The first one (defined in invoke_with_once_closure) actively takes ownership of a variable, and thus is forced to implement the weakest of the three traits, Nonce. This added complexity serves a rather simple purpose: Keeping track of what lives for how long.
Imagine referencing a local variable in a closure, and having the containing block exit, thus destroying the value. Java has decided to cut down the complexity by omitting the trickier cases of Input and Nonce.
Thus, the closure would reference a dead value, and bad things would happen. Also note that this function uses the imply Trait return type previously discussed.
Any language worth its salt needs a user-friendly error handling strategy. The then-novel concept of exceptions takes center stage in its error handling strategy.
Generally speaking, a method will throw an Exception to signal an error condition. That aborts the execution of the current method, and “skips back” on the stack to a matching handler.

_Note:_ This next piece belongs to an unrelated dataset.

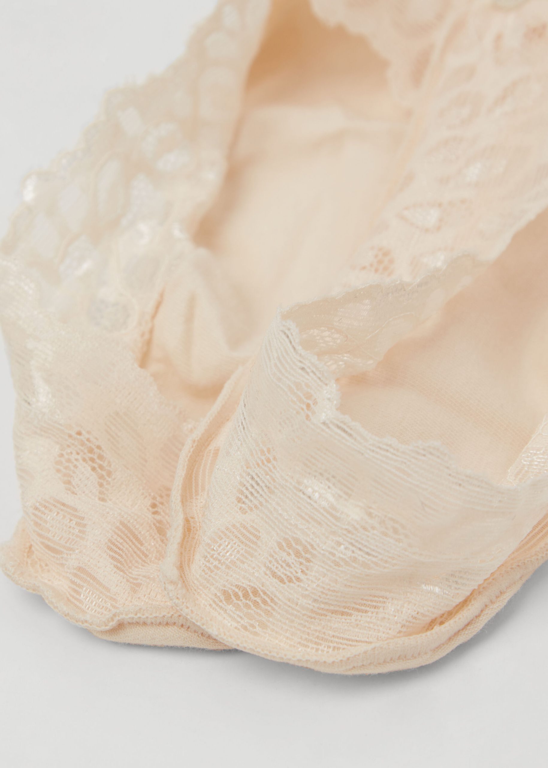 Women’s invisible socks in refined lace with comfortable cotton soles, ideal for low vamp shoes. They combine elegance and comfort with a discreet and feminine design.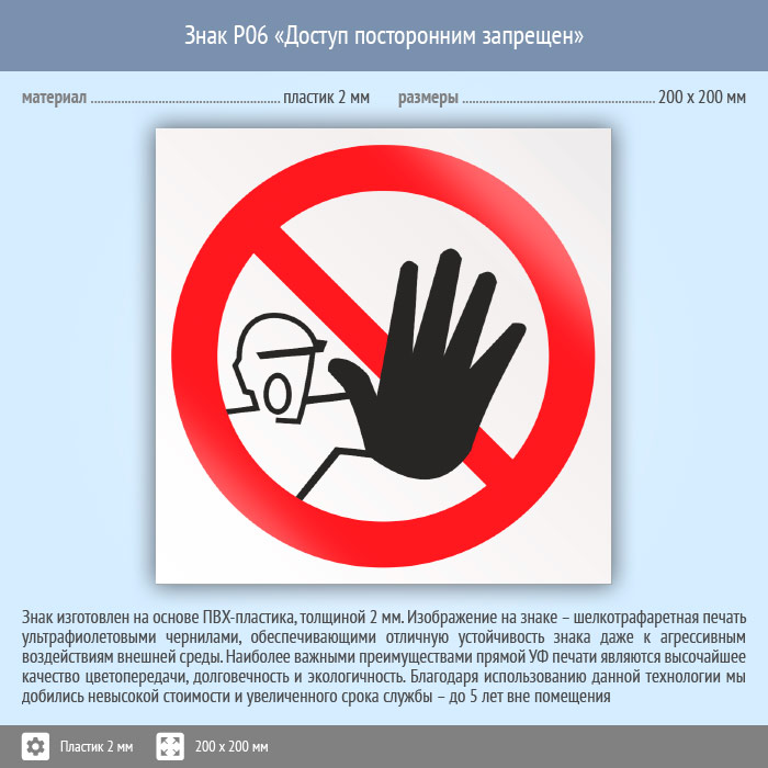 Знак P06 «Доступ посторонним запрещен» (пластик, 200х200 мм) в Яхроме купить

This is a very convenient model for the developer, only slightly hampered by the overhead of doing throws declarations. So it stands to reason that Rust would favor another way to handle errors over raising exceptions: Encoding the success or failure of an operation into the returned value.
In essence, the above code fragment expresses the same thing as this Java signature: The key difference here is that the failure does not propagate automatically up the stack: There is no need for special logic to find an exception handler.
At the intro of this chapter, we mentioned that Rust does not like to produce backtracks or deal with “abrupt exits” of functions. It is not the preferred way to handle things in Rust, and mostly used for cases when the error is on the level of a failed assertion.
Panics are a debugging tool and not the proper way to handle errors. You can actually “catch” a panic if you employ some functions in the standard library, but there is usually little benefit in doing so.
Currently, there are two chief approaches to this: (Thread-based) parallel computation, and concurrent execution. Both have close relatives in Rust, and both have one major constraint: the ability to share data securely between threads.
Whole classes of common errors are completely eliminated by the language rules, which is no small feat. For those who regularly truck with sun.misc. Unsafe, a peek at the unsafe sub-language in the Rustonomicon might get the creative juices flowing.